Omit all pictures, and print word for word only the lines from the one containing "- One pack of" through the end of the data.

┌─ Available data

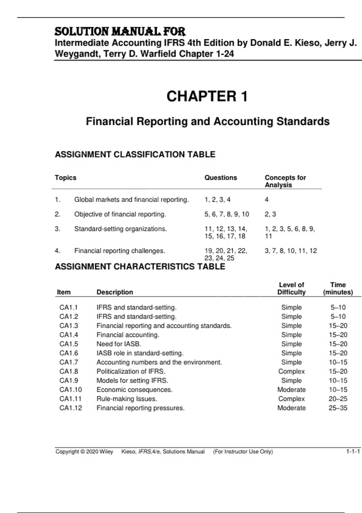 Solution Manual For Intermediate Accounting IFRS 4th Edition by Donald E. Kieso, Jerry J. Weygandt, Terry D. War. TABLE OF CONTENTS 1 Financial Reporting and Accounting Standards 1-1 2 Conceptual Framework for Financial Reporting 2-1 3 The Accounting Information System 3-1 4 Income Statement and Related Information 4-1 5 Statement of Financial Position and Statement of Cash Flows 5-1 6 Accounting and the Time Value of Money 6-1 7 Cash and Receivables 7-1 8 Valuation of Inventories: A Cost-Basis Approach 8-1 9 Inventories: Additional Valuation Issues 9-1 10 Acquisition and Disposition of Property, Plant, and Equipment 10-1 11 Depreciation, Impairments, and Depletion 11-1 12 Intangible Assets 12-1 13 Current Liabilities, Provisions, and Contingencies 13-1 14 Non-Current Liabilities 14-1 15 Equity 15-1 16 Dilutive Securities and Earnings per Share 16-1 17 Investments 17-1 18 Revenue Recognition 18-1 19 Accounting for Income Taxes 19-1 20 Accounting for Pensions and Postretirement Benefits 20-1 21 Accounting for Leases 21-1 22 Accounting Changes and Error Analysis 22-1 23 Statement of Cash Flows 23-1 24 Presentation and Disclosure in Financial Reporting 24-1
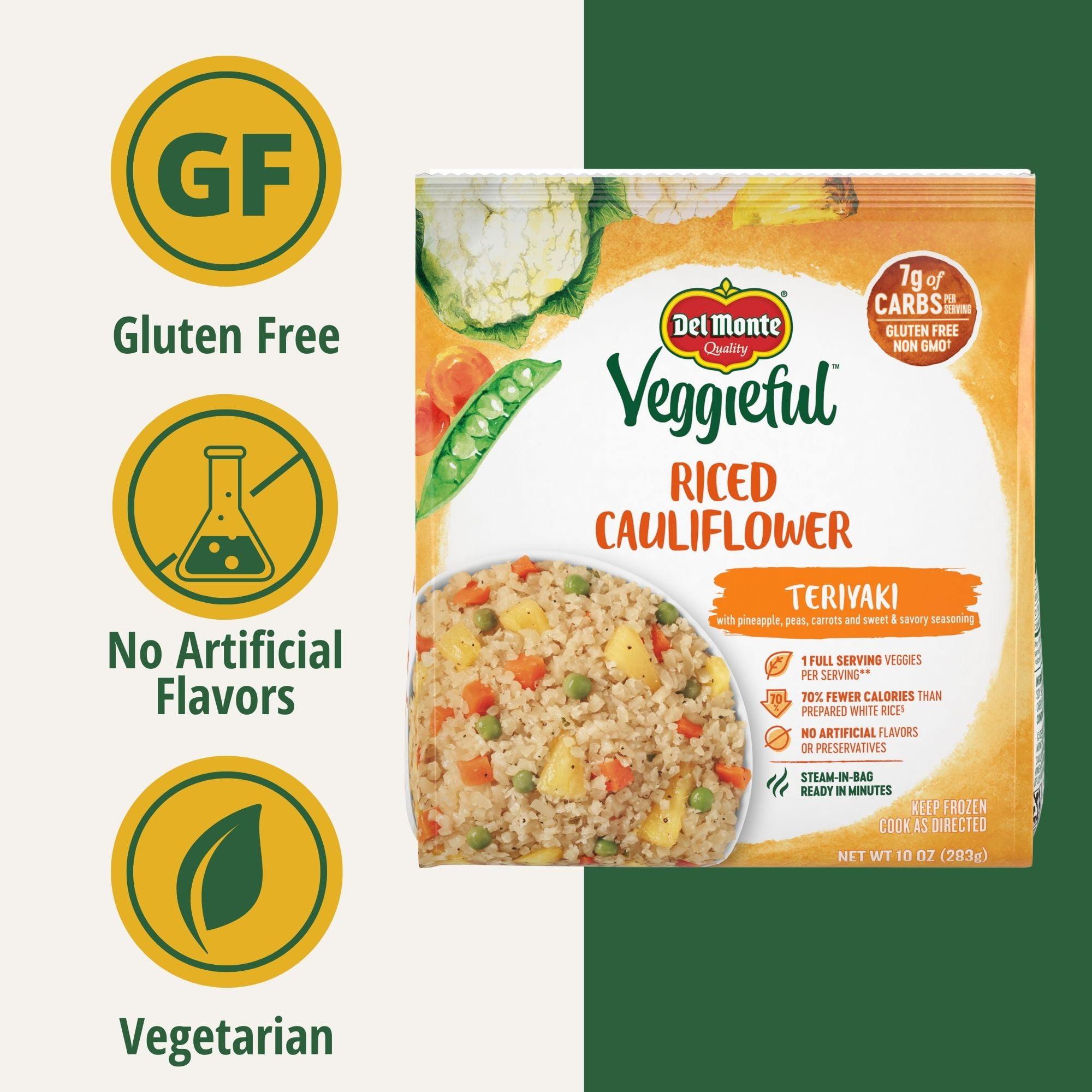 - One pack of 10 oz Del Monte Veggieful Riced Cauliflower Teriyaki
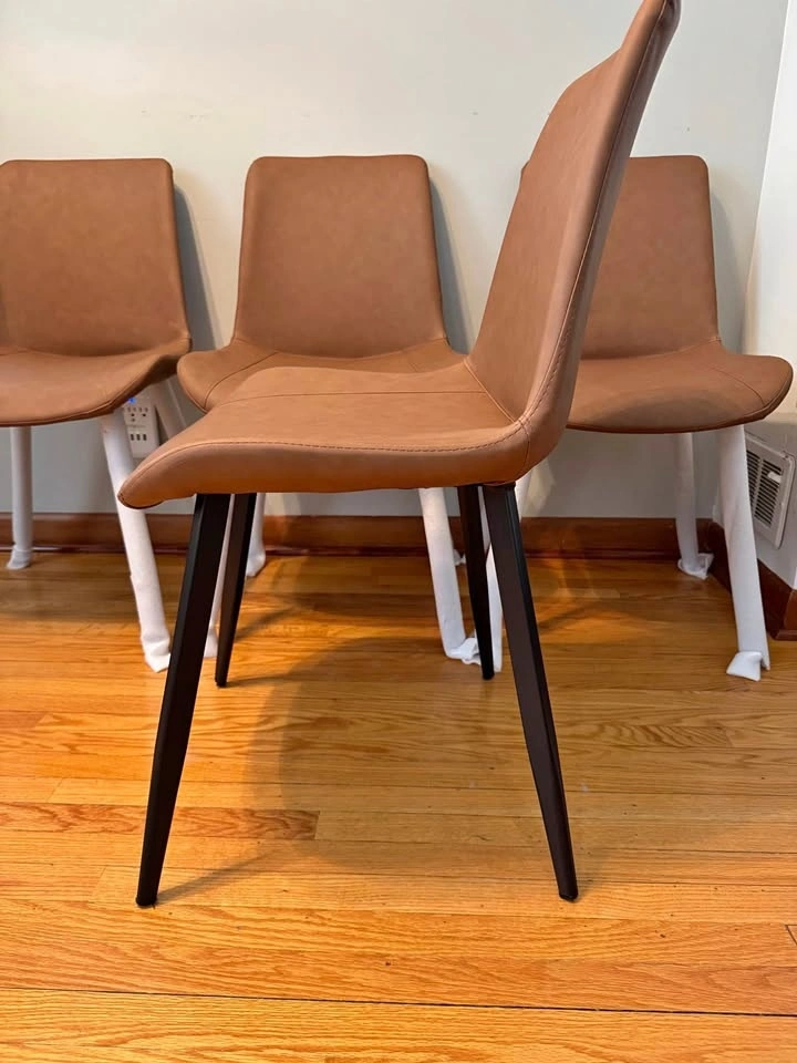 Set of 4 modern dining chairs with brown faux leather seats and black metal legs. Clean simple look that works well with most tables. Brand new – just unboxed to make sure all parts and pieces were present and nothing was broken. Pickup in Winnipeg.
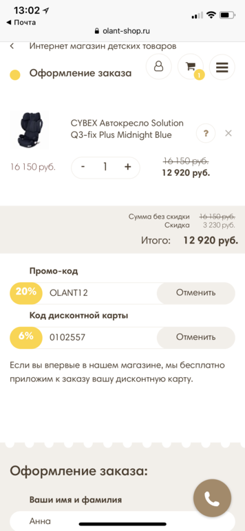 Не ожидала я такого от этого магазина. Вчера была скидка, заказала автокресло cybex . Получилась отличная цена!

└─

Result of this exercise:
 - One pack of 10 oz Del Monte Veggieful Riced Cauliflower Teriyaki
 Set of 4 modern dining chairs with brown faux leather seats and black metal legs. Clean simple look that works well with most tables. Brand new – just unboxed to make sure all parts and pieces were present and nothing was broken. Pickup in Winnipeg.
 Не ожидала я такого от этого магазина. Вчера была скидка, заказала автокресло cybex . Получилась отличная цена!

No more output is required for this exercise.